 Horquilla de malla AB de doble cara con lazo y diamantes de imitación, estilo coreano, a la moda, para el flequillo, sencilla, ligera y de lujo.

--

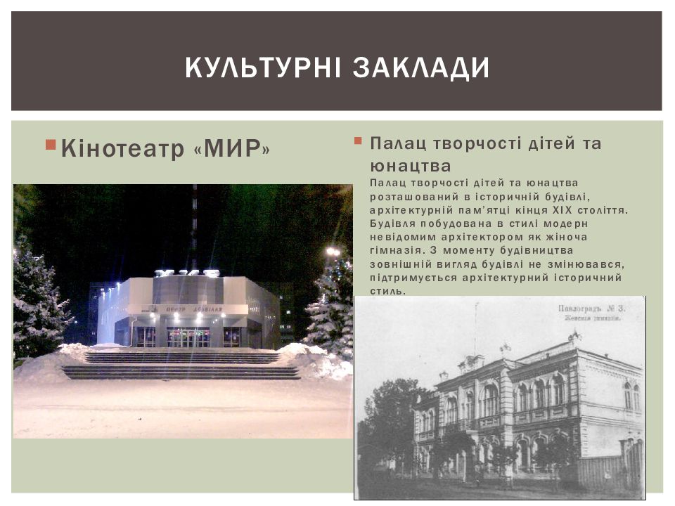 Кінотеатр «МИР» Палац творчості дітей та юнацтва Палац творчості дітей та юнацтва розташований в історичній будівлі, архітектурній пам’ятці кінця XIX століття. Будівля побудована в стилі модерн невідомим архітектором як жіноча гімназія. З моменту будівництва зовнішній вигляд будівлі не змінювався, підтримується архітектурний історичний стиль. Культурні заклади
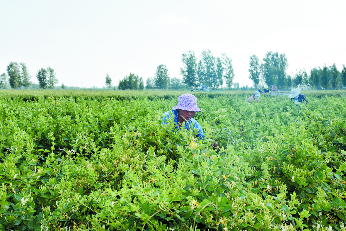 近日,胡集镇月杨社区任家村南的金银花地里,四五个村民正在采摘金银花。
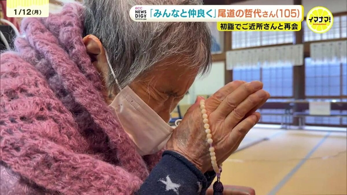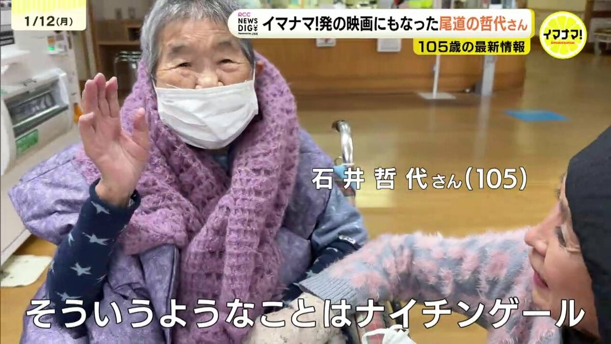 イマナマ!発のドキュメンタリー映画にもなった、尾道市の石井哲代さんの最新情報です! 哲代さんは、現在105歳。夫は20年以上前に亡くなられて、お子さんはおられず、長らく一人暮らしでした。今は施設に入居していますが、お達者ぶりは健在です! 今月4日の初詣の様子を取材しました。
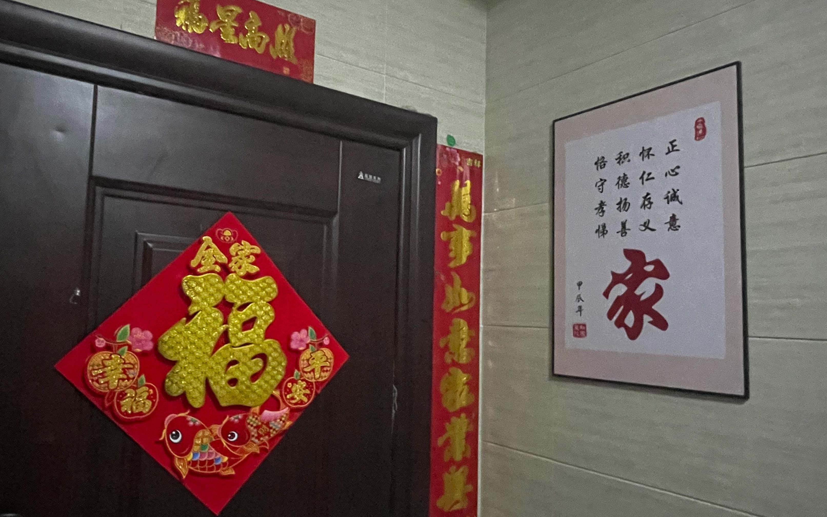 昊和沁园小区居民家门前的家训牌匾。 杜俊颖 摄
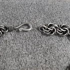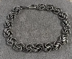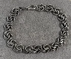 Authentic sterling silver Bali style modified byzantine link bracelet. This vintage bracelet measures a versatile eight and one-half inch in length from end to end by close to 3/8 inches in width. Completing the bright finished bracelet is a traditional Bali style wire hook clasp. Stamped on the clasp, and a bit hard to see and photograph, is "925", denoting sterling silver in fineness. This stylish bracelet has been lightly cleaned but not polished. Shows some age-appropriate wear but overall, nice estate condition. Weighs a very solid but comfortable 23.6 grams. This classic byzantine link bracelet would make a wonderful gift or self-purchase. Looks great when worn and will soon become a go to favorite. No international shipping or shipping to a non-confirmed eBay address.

- _Your goal_:
Start at the line containing "近日,胡集镇月杨社区任家村南的金银花地里,四五个村民正在采摘金银花。" above and stop at the line containing "昊和沁园小区居民家门前的家训牌匾。 杜俊颖 摄". Output those lines exactly, both included, but none of the pictures.

- _Result for this exercise_:
 近日,胡集镇月杨社区任家村南的金银花地里,四五个村民正在采摘金银花。
 イマナマ!発のドキュメンタリー映画にもなった、尾道市の石井哲代さんの最新情報です! 哲代さんは、現在105歳。夫は20年以上前に亡くなられて、お子さんはおられず、長らく一人暮らしでした。今は施設に入居していますが、お達者ぶりは健在です! 今月4日の初詣の様子を取材しました。
 昊和沁园小区居民家门前的家训牌匾。 杜俊颖 摄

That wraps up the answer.